Cardiac diseases are among the leading causes of death worldwide. Ca²⁺ is a key player in both physiological and pathological processes in the heart. During normal excitation-contraction coupling, Ca²⁺ enters the cardiac myocyte during an action potential through voltage-dependent L-type Ca²⁺ channels in the sarcolemma. This Ca²⁺ entry triggers a huge release of Ca²⁺ from the sarcoplasmic reticulum via ryanodine receptor (RyR) Ca²⁺ release channels, a process termed Ca²⁺-induced Ca²⁺ release. Ultimately, this increase in cytoplasmic Ca²⁺ causes Ca²⁺ binding to the myofilaments and activation of contraction. The strength of contraction is regulated by the amount of Ca²⁺ released from the SR. Increased SR Ca²⁺ release causes augmented contraction, whereas decreased SR Ca²⁺ release results in reduced contraction of the cardiomyocyte. Disturbances of this highly regulated process may lead to cardiac disease including arrhythmias and heart failure, which are among the most serious and widespread cardiac diseases. A number of cardioactive peptides is involved in the regulation of cardiac Ca²⁺ homeostasis and may either aggravate or improve cardiomyocyte function in cardiac disease.

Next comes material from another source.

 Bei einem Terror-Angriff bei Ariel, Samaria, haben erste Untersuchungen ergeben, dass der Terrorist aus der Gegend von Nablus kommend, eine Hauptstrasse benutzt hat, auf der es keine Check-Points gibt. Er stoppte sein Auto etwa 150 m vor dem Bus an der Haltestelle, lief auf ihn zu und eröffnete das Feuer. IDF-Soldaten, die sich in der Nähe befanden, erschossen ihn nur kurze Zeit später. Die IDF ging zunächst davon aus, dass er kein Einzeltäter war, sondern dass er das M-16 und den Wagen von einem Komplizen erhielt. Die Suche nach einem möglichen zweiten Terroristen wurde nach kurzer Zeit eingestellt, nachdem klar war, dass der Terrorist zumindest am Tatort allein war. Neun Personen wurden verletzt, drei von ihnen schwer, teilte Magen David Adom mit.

The research interest of our group is focused on the following topics:

1) Cytoplasmic Ca²⁺ signaling and arrhythmias

Systolic SR Ca²⁺ release is essential for contraction of the myocyte. Diastolic SR Ca²⁺ release, on the other hand, is detrimental. It activates the sarcolemmal electrogenic Na⁺/Ca²⁺ exchanger resulting in depolarization of the resting membrane potential (delayed afterdepolarizations), which in turn may trigger arrhythmias. In the normal heart, diastolic SR Ca²⁺ release is a rare event. In the stressed or diseased heart, however, diastolic SR Ca²⁺ release may increase and thus enhance the propensity for arrhythmias. Increased diastolic SR Ca²⁺ release has been found in atrial myocytes from patients with atrial fibrillation, the most common cardiac arrhythmia, as well as in ventricular myocytes in heart failure, where it is thought to trigger the fatal arrhythmias associated with the disease. Pharmacological agents normalizing aberrant diastolic SR Ca²⁺ release in cardiac diseases associated with arrhythmias are currently being tested for their potential use as novel anti-arrhythmic drugs.

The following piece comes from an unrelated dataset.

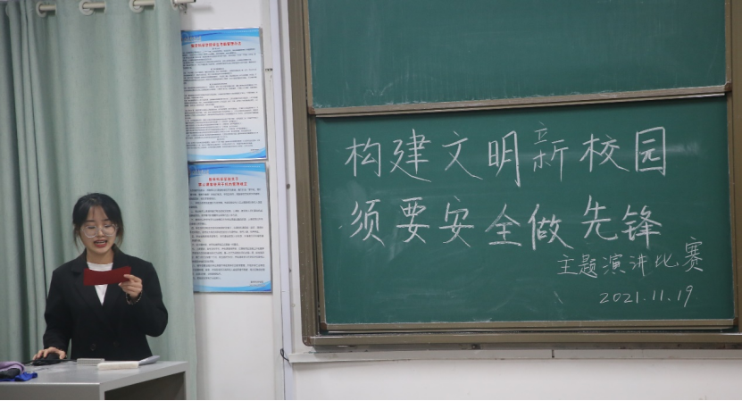 宿管部兼女生部于数学楼101室举办了“构建文明新校园,须要安全做先锋”主题演讲比赛。

2) Nucleoplasmic Ca²⁺ signaling and excitation-transcription coupling

Nucleoplasmic Ca²⁺ regulation in cardiac myocytes has gained much less attention than cytoplasmic Ca²⁺ regulation. Recent evidence, however, indicates that localized nucleoplasmic Ca²⁺ increases may specifically alter transcription via Ca²⁺-dependent enzymes (e.g. nuclear Ca²⁺/calmodulin-dependent protein kinase II). The link between electrical and/or pharmacological stimulation of the cardiac myocyte, nucleoplasmic Ca²⁺, and transcription is termed excitation-transcription coupling. Altered excitation-transcription coupling may be involved in the remodeling processes occurring during initiation and progression of cardiac diseases, including atrial fibrillation and heart failure. A better understanding of nucleoplasmic Ca²⁺ regulation thus holds the promise for the development of novel treatment strategies against cardiac diseases associated with remodeling.

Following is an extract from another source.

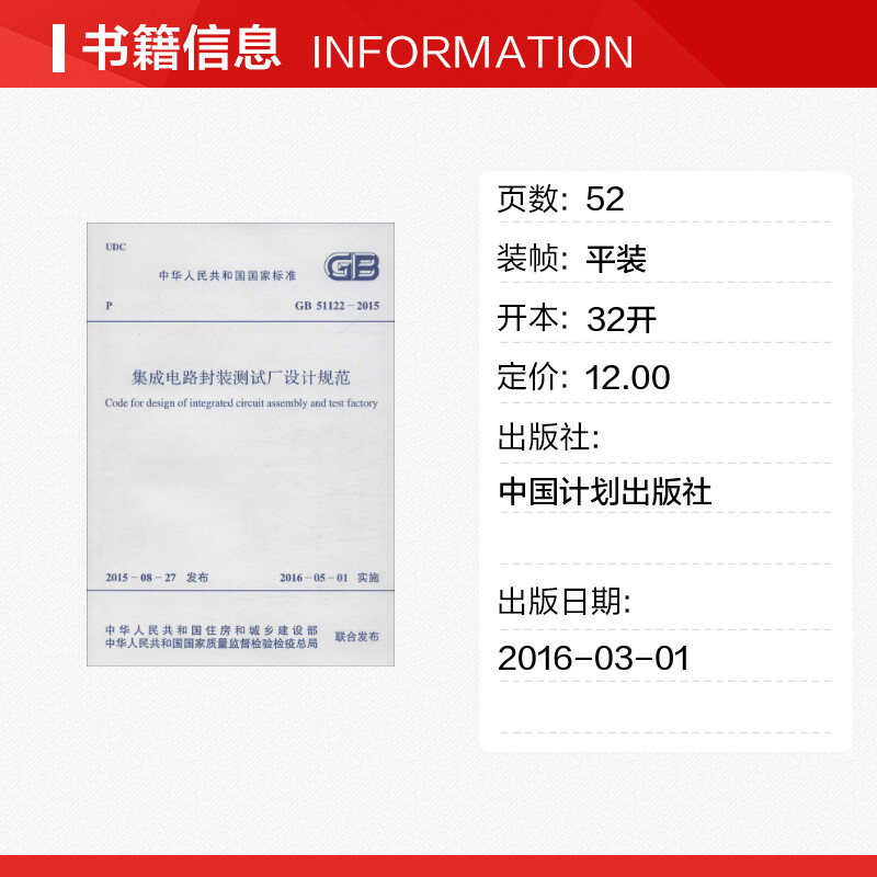 中华人民共和国国家质量监督检验检疫总局 中华人民共和国住房和城乡建设部 联合发布 测试厂设计规范 集成电路封装

3) Cardioactive peptides: angiotensin II, endothelin-1, and urocortin II

Cardioactive peptides are involved in a variety of physiological and pathophysiological processes including arrhythmogenesis and the development and progression of hypertrophy and heart failure. They are major drug targets in cardiovascular disease. Inhibition of the angiotensin system by either ACE inhibitors or AT1 receptor blockers is used for the treatment of hypertension and heart failure, whereas the endothelin receptor blocker bosentan is used for the treatment of pulmonary hypertension.

Urocortins (including urocortin II) represent a family of peptides involved in cardiovascular homeostasis. They exert pronounced effects on cardiac myocytes as well as on coronary and peripheral vessels. Although beneficial in animal models of heart failure, the cellular actions of urocortins on cardiac myocytes are only incompletely understood. A better understanding of the specific actions of urocortins on cardiac myocytes in health and disease, however, is a pre-requisite for their potential therapeutic use in heart failure.